### [What this task involves]
Work through the listing below and give again exactly the lines from the one with "首先,我们来看一看《2017胡润艺术榜》的黄建南大师排名。" to the one with "Last year, the", both ends included. All other lines and all pictures stay out.

### [Data extract]
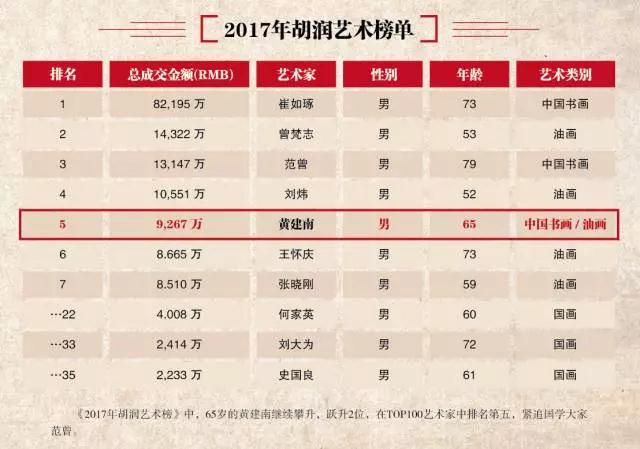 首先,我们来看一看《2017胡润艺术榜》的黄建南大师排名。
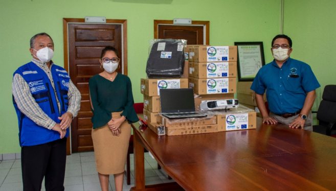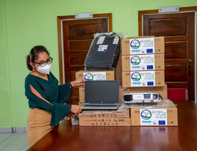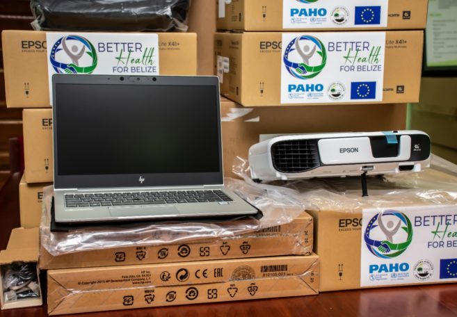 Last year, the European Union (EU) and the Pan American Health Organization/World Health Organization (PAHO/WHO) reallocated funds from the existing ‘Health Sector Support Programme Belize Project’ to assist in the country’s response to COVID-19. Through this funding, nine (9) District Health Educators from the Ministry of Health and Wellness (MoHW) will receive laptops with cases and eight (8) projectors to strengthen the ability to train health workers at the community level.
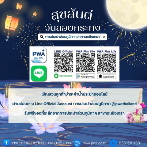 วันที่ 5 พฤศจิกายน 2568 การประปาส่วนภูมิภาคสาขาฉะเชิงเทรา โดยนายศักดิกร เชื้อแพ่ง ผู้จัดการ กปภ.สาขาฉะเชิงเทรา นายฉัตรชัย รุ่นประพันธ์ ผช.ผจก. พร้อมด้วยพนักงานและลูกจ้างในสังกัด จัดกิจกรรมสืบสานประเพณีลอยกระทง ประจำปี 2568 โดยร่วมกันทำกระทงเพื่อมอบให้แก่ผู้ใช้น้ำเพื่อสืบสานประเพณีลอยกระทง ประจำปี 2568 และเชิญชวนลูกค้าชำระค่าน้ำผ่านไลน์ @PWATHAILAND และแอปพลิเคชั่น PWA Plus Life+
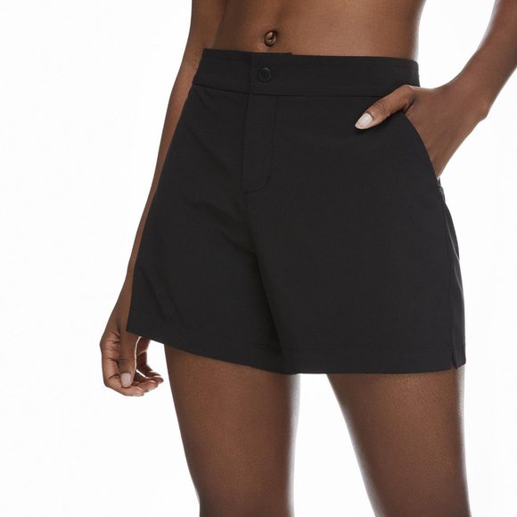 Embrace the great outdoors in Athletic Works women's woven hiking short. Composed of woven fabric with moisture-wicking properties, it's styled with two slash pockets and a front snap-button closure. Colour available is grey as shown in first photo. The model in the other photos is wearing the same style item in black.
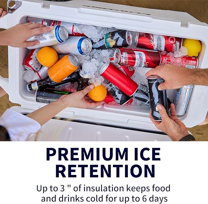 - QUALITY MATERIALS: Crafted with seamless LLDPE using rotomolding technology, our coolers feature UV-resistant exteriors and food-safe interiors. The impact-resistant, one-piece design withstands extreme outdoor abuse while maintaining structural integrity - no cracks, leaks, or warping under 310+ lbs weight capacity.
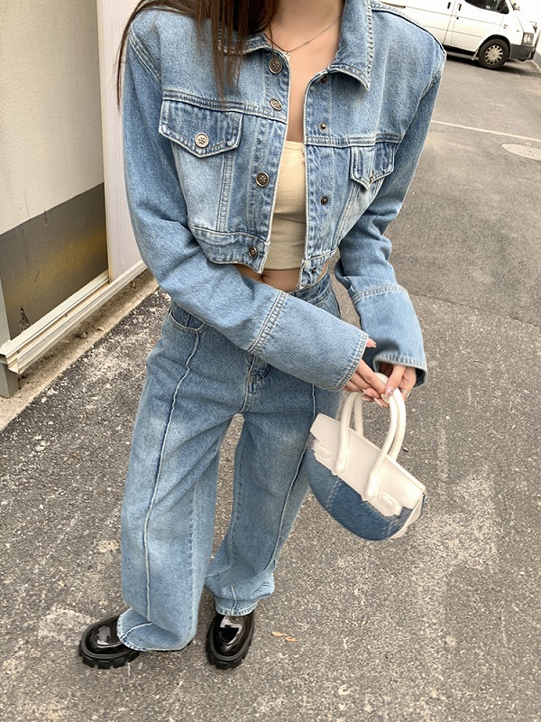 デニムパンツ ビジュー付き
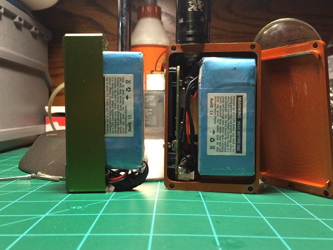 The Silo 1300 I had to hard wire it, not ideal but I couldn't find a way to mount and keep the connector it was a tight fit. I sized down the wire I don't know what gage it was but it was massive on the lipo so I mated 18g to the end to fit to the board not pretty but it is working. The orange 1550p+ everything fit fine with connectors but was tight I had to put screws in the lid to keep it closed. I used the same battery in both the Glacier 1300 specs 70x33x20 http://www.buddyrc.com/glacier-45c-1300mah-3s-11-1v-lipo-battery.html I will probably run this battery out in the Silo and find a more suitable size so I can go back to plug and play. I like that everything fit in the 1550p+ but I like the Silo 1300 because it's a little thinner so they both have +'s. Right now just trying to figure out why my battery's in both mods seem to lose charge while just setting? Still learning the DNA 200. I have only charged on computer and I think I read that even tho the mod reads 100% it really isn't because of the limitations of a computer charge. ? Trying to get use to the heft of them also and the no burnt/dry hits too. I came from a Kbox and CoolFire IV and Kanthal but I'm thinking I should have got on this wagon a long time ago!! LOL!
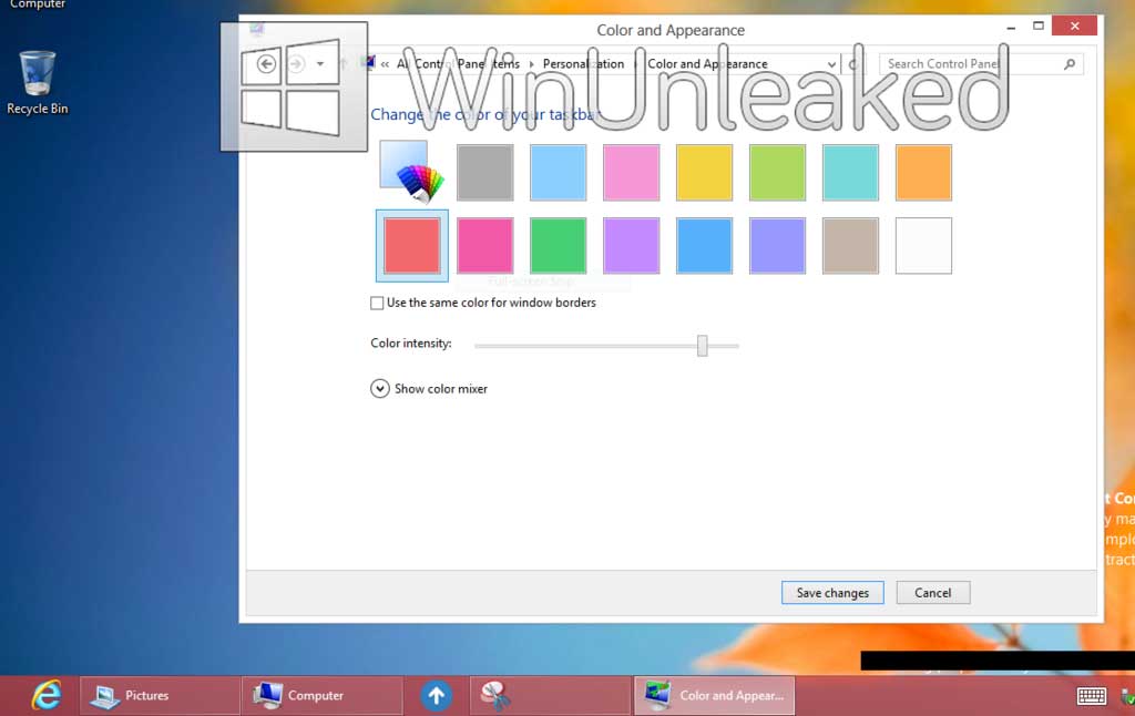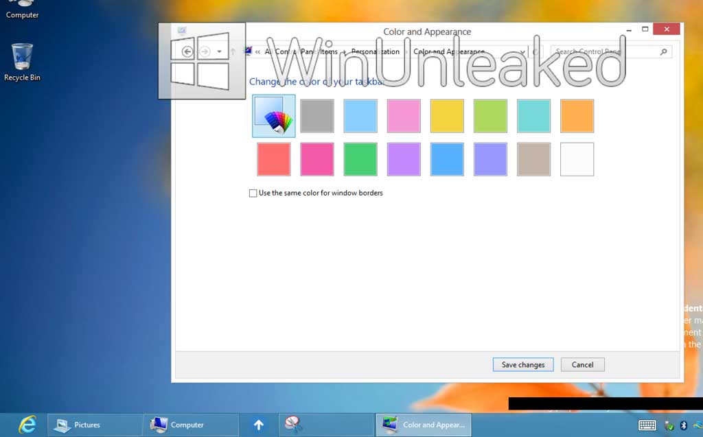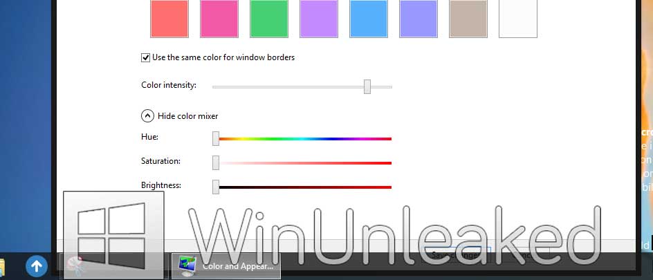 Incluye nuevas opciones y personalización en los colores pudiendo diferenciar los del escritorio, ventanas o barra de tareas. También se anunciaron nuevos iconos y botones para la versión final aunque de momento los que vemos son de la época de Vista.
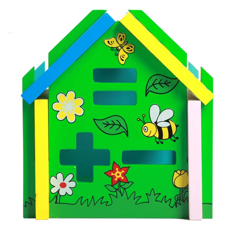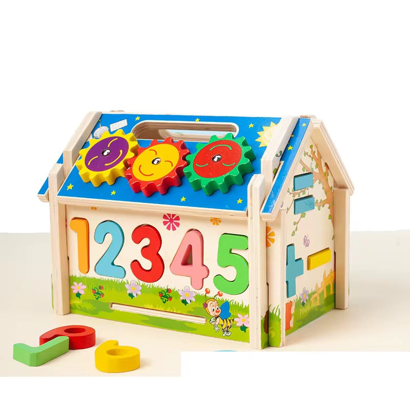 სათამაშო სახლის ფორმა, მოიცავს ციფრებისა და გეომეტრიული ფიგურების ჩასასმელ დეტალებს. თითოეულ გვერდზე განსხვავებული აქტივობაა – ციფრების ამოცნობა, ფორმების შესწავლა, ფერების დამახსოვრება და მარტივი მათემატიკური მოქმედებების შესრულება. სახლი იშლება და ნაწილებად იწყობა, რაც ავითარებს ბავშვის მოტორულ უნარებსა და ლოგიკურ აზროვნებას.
--
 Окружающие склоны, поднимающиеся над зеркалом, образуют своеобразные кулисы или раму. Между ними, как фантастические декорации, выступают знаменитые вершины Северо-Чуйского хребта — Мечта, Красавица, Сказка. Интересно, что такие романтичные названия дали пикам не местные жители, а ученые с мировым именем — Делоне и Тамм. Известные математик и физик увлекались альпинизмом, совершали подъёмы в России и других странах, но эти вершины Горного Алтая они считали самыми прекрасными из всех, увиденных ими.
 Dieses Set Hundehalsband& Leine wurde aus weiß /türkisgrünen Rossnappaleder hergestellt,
* * *
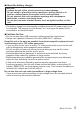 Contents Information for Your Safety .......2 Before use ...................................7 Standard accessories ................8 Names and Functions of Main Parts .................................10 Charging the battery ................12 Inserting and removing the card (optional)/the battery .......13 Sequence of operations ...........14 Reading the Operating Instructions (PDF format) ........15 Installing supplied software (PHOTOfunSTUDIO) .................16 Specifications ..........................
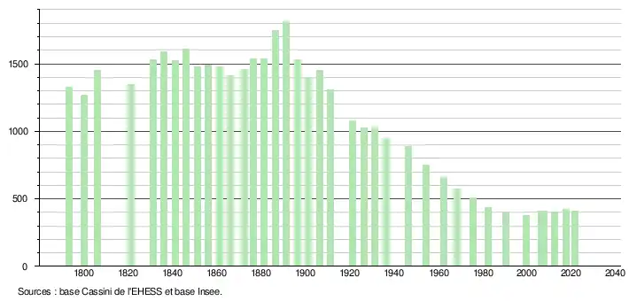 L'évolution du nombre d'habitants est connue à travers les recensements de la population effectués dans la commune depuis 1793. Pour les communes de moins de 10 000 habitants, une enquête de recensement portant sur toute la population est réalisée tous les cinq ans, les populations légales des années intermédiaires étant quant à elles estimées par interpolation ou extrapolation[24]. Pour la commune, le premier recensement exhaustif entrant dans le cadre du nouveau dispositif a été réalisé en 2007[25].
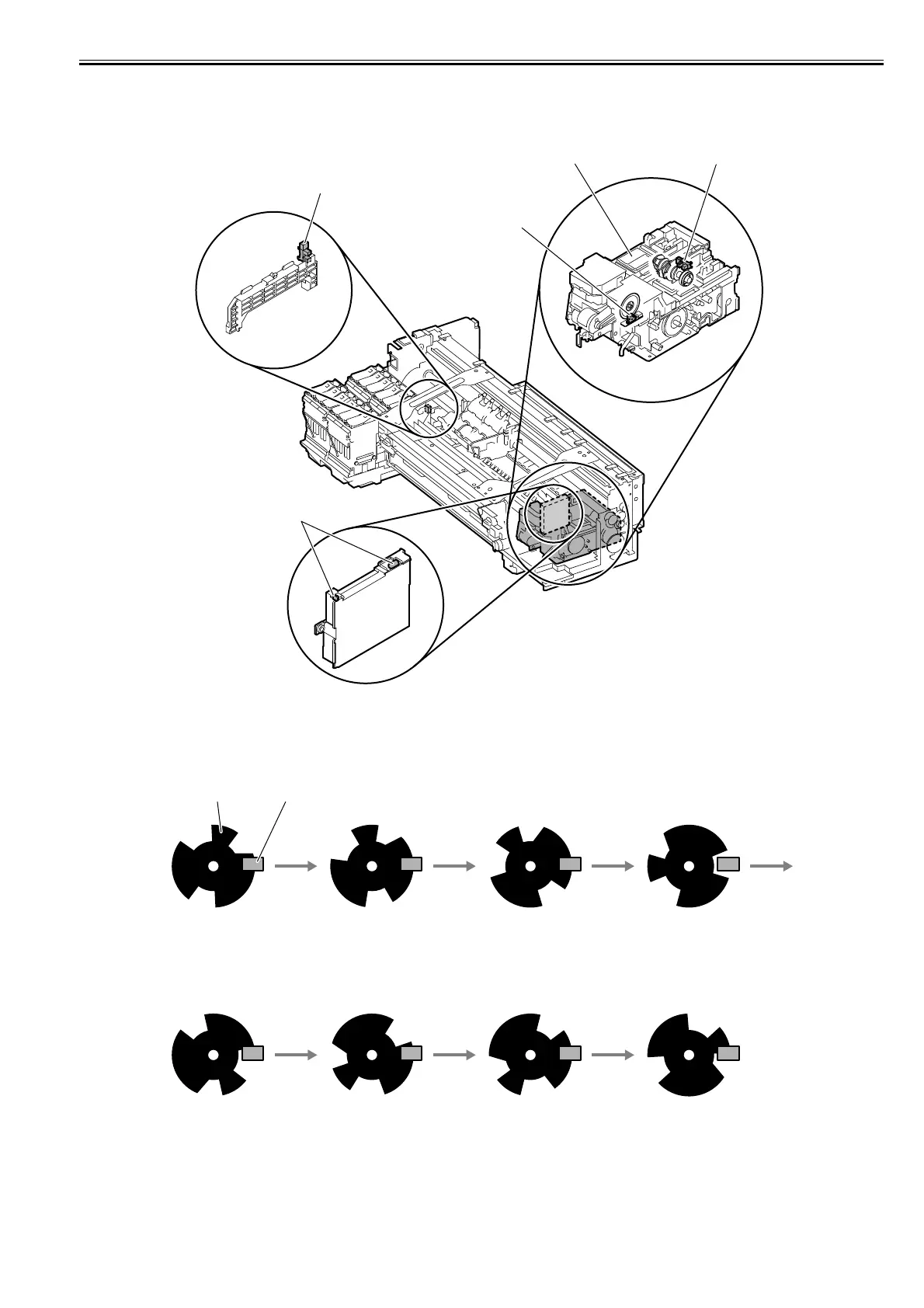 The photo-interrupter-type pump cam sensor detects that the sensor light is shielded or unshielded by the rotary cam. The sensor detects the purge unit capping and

### [Answer space]
 首先,我们来看一看《2017胡润艺术榜》的黄建南大师排名。
 Last year, the European Union (EU) and the Pan American Health Organization/World Health Organization (PAHO/WHO) reallocated funds from the existing ‘Health Sector Support Programme Belize Project’ to assist in the country’s response to COVID-19. Through this funding, nine (9) District Health Educators from the Ministry of Health and Wellness (MoHW) will receive laptops with cases and eight (8) projectors to strengthen the ability to train health workers at the community level.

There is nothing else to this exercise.